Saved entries
=====
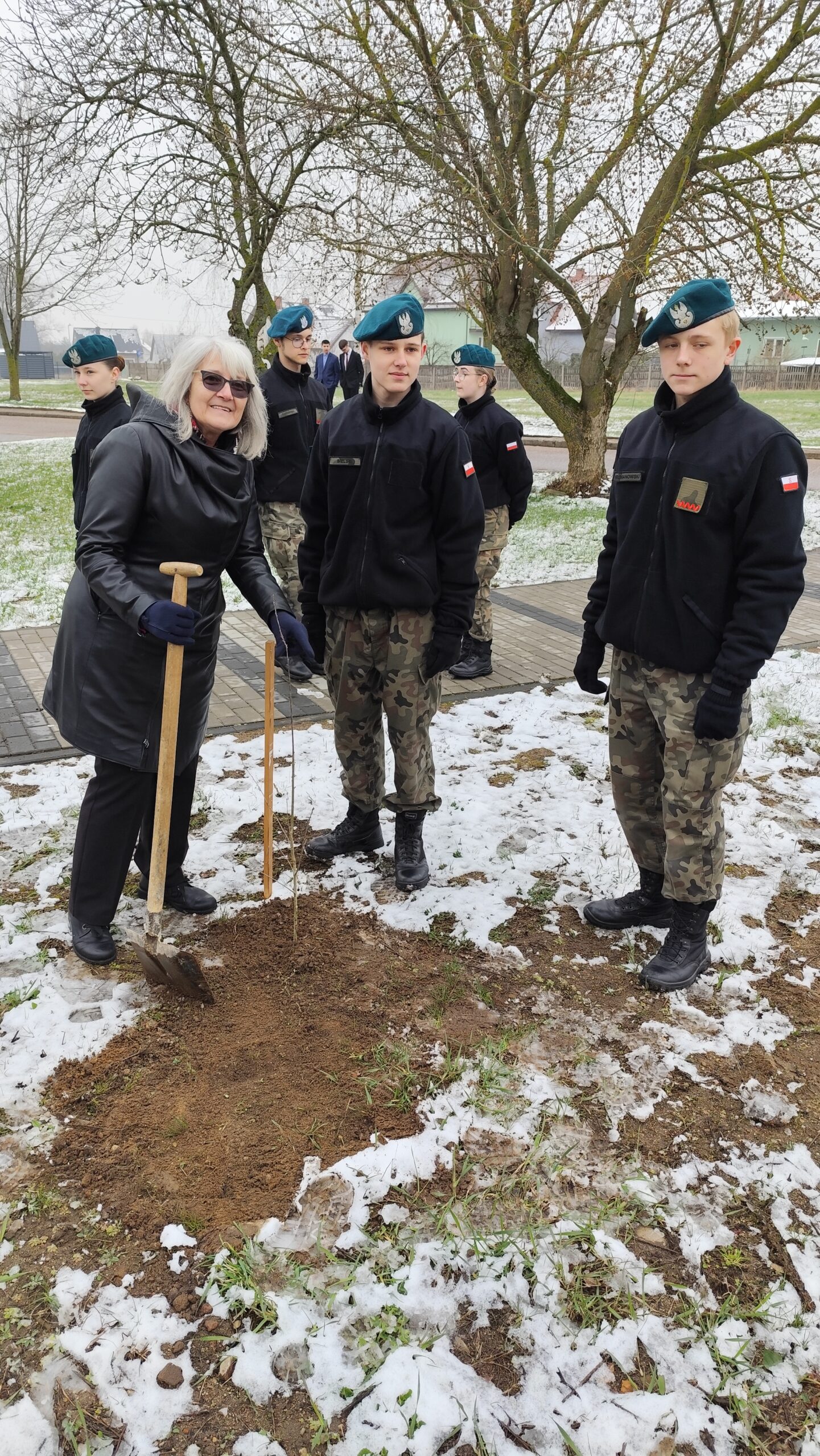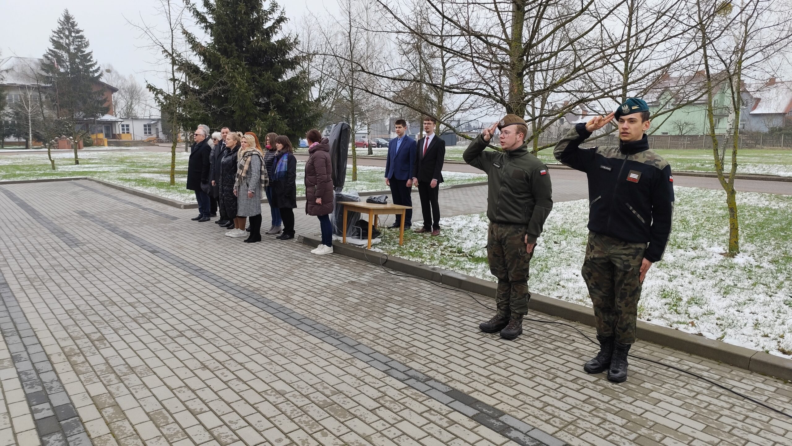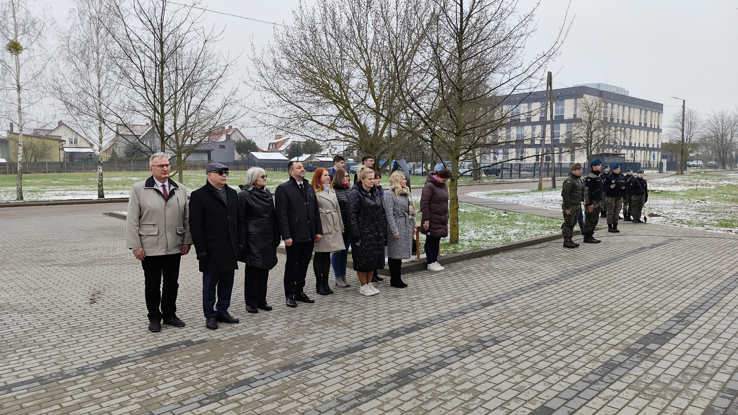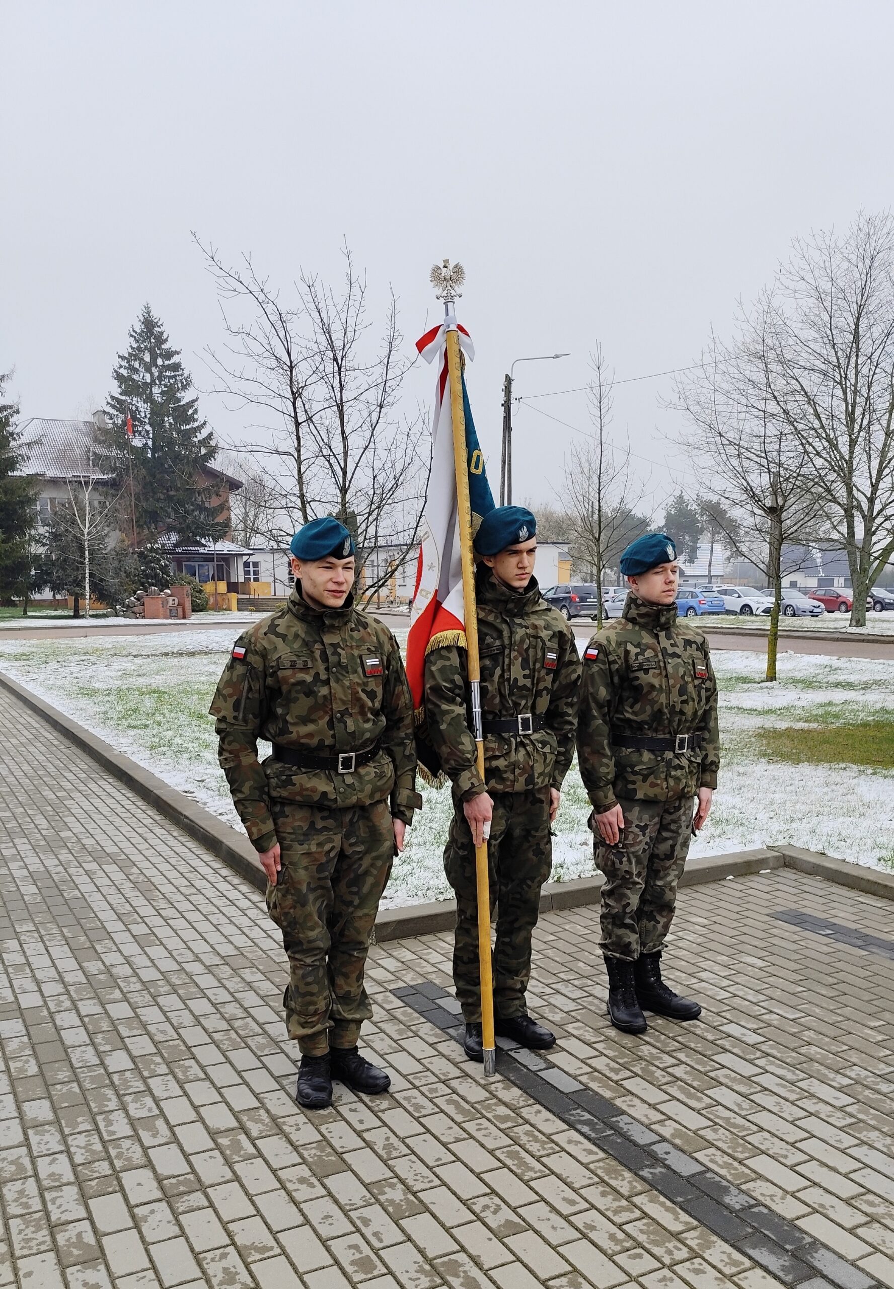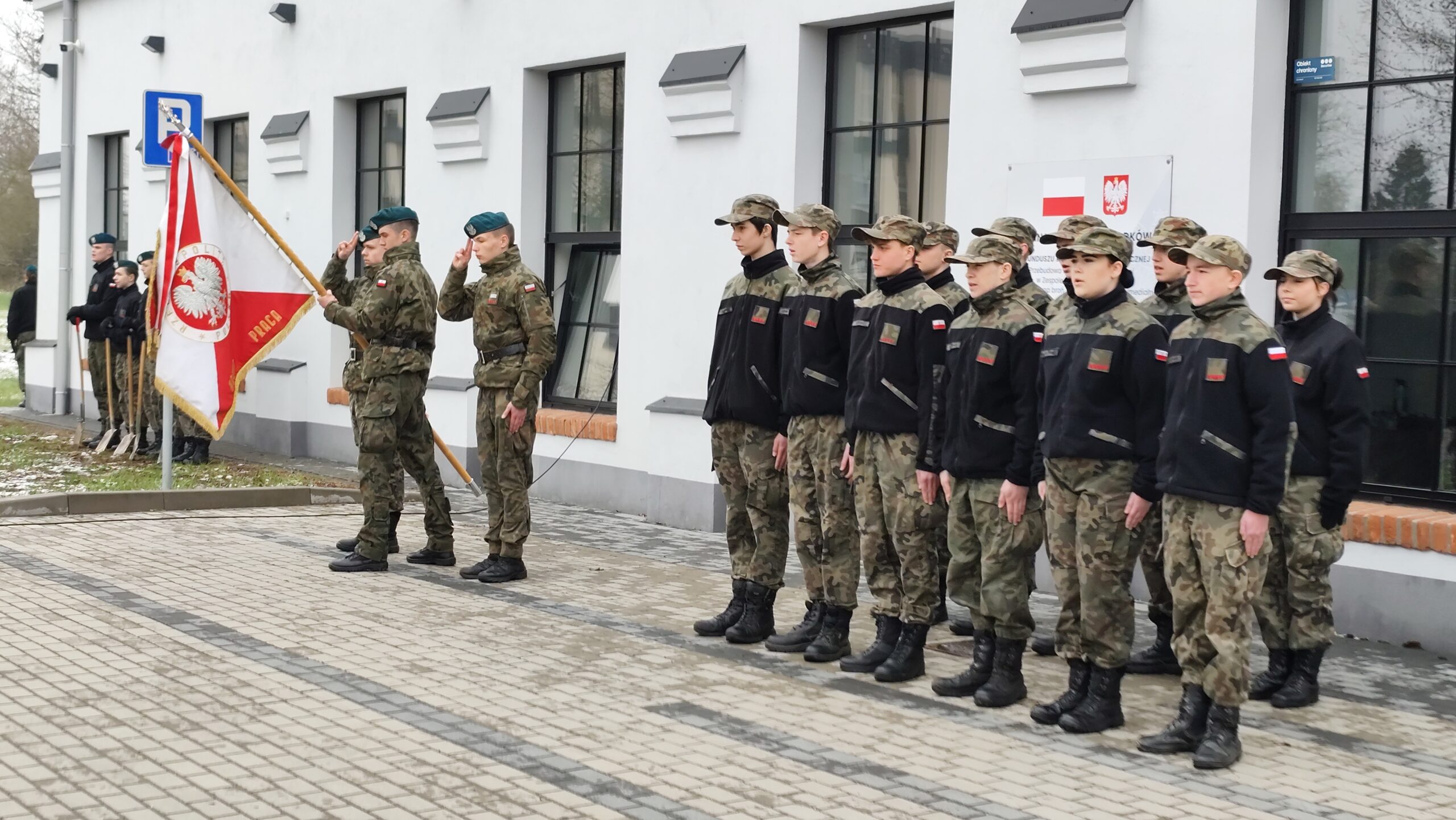 Dnia 11 kwietnia 2025 r. na terenie szkoły w uroczystym apelu upamiętniliśmy tragiczny los od strzału w tył głowy Żołnierzy 9. Pułku Strzelców Konnych. Na budynku Grajewskiego Centrum Edukacji Obronnej została odsłonięta Tablica Pamięci z nazwiskami pomordowanych żołnierzy 9. PSK, a przed budynkiem posadziliśmy szczególne drzewka pamięci – dęby, jako symbol długowieczności i twardości Naszej pamięci o tych, których tradycje i dobre imię kontynuujemy.
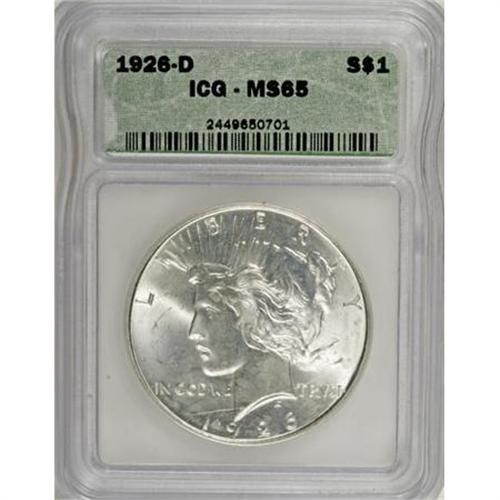 <B>1926-D $1 MS65 ICG.</B></I> Strongly lustrous and predominantly silver-white with splashes of thin, milky patina over each side. A boldly impressed and appealing representative of this mid-date D-mint issue.<BR><BR><B>Coin Engraver:</B> Anthony de Francisci<BR><BR><b>Shipping:</b> Coins & Currency (<a target="_blank" href="http://www.heritageauctions.com/common/shipping.php">view shipping information</a>)
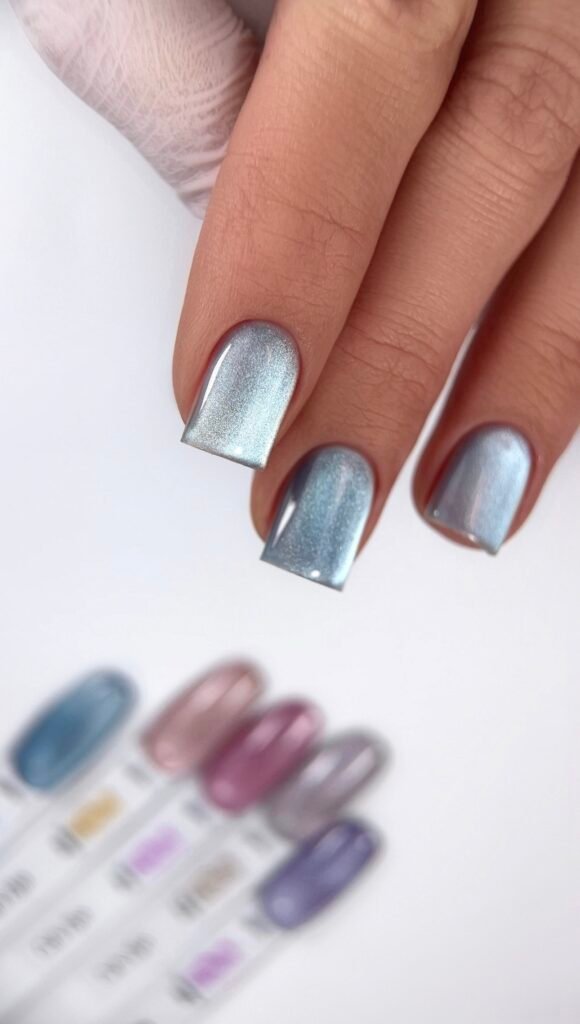 Magnetinis lakas. Vidutinio tirštumo konsistencija ir patogus šepetėlis leidžia laką padengti greitai ir tolygiai. Nebėga į odeles, nesuteikia papildomos apimties.
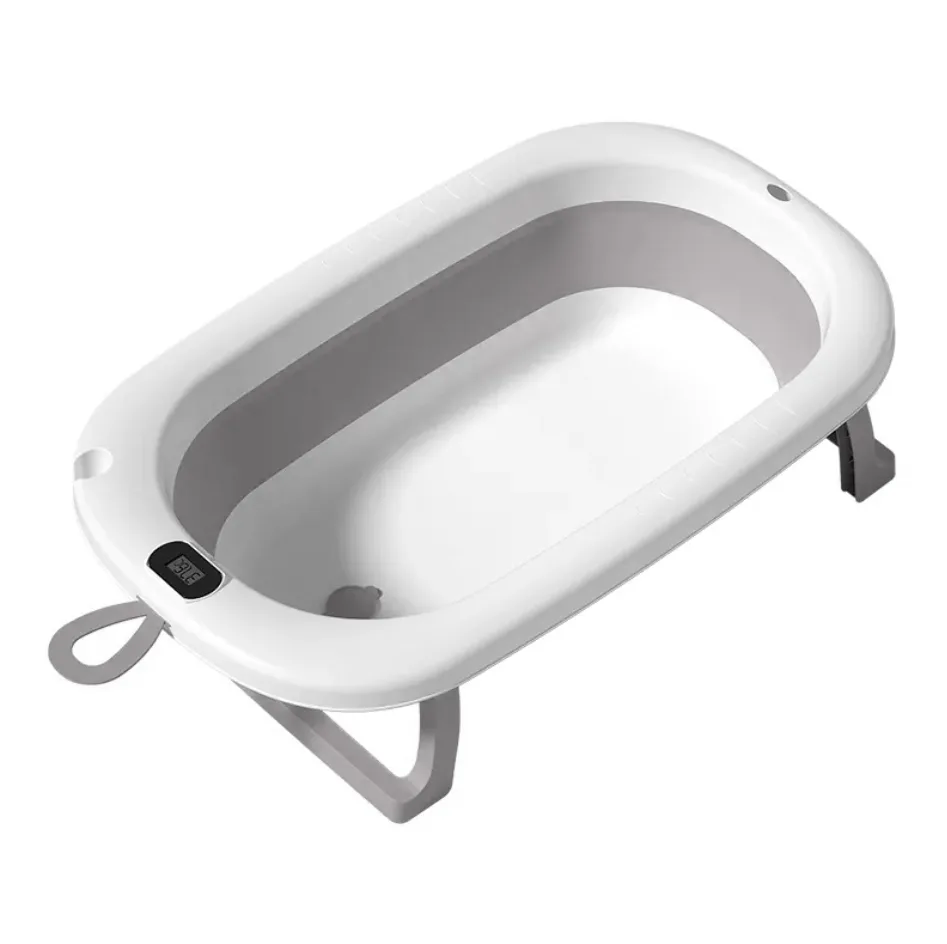 Profită reduceri și preț mic la Set cadita pliabila 76 cm Beberoyal Gri cu termometru digital, dop de scurgere si suport textil universal, numai la Nichiduta.
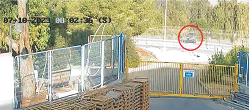 מצלמת אבטחה מספר 1 בשער הגד"ש בקיבוץ בארי )צופה לכיוון צפון־ מזרח (צילמה שני טנדרים שהגיעו למסיבת 'הנובה' במהלך נסיעתם על כביש 232 לכיוון דרום. 37
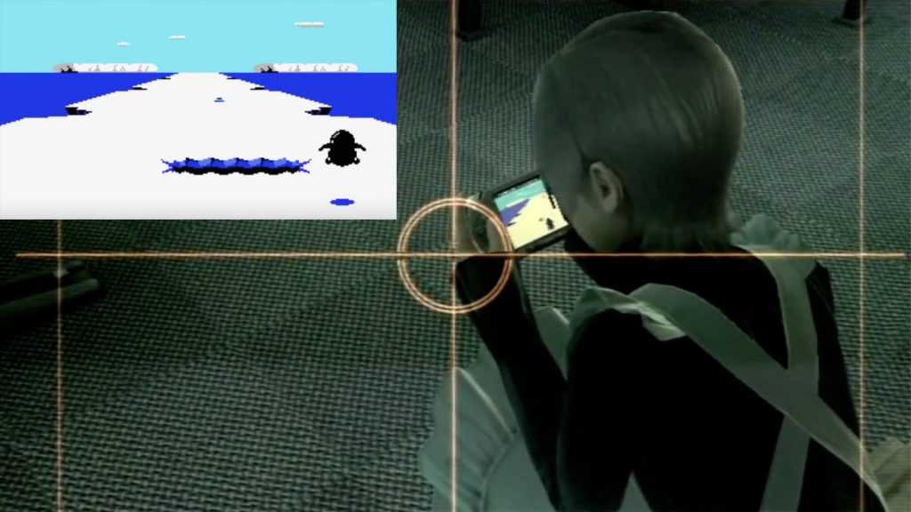 Санни играет на PSP в первую игру Кодзимы. Подглядывать нехорошо, но это слишком мило, чтобы устоять. Девочка играет в Pinguin Adventure — уверен, почти все вы в нее тоже играли, но даже не думали, что в ее создании участвовал Хидэо Кодзима.
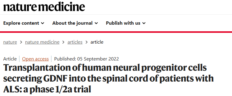 2022年,一項將分泌GDNF的人類神經祖細胞移植到ALS患者脊髓中:一項1/2a期試驗表明,將分泌GDNF的人類神經祖細胞(CNS10-NPC-GDNF)移植到脊髓中,在42個月內是可行且安全的,并且未對運動功能產生負面影響[3]。
=====
» **How to complete this task**: Repeat only what runs from the first line of the records above to the line with "<B>1926-D $1 MS65", both included, word for word, minus the pictures.

» **Output of the task**:
 Dnia 11 kwietnia 2025 r. na terenie szkoły w uroczystym apelu upamiętniliśmy tragiczny los od strzału w tył głowy Żołnierzy 9. Pułku Strzelców Konnych. Na budynku Grajewskiego Centrum Edukacji Obronnej została odsłonięta Tablica Pamięci z nazwiskami pomordowanych żołnierzy 9. PSK, a przed budynkiem posadziliśmy szczególne drzewka pamięci – dęby, jako symbol długowieczności i twardości Naszej pamięci o tych, których tradycje i dobre imię kontynuujemy.
 <B>1926-D $1 MS65 ICG.</B></I> Strongly lustrous and predominantly silver-white with splashes of thin, milky patina over each side. A boldly impressed and appealing representative of this mid-date D-mint issue.<BR><BR><B>Coin Engraver:</B> Anthony de Francisci<BR><BR><b>Shipping:</b> Coins & Currency (<a target="_blank" href="http://www.heritageauctions.com/common/shipping.php">view shipping information</a>)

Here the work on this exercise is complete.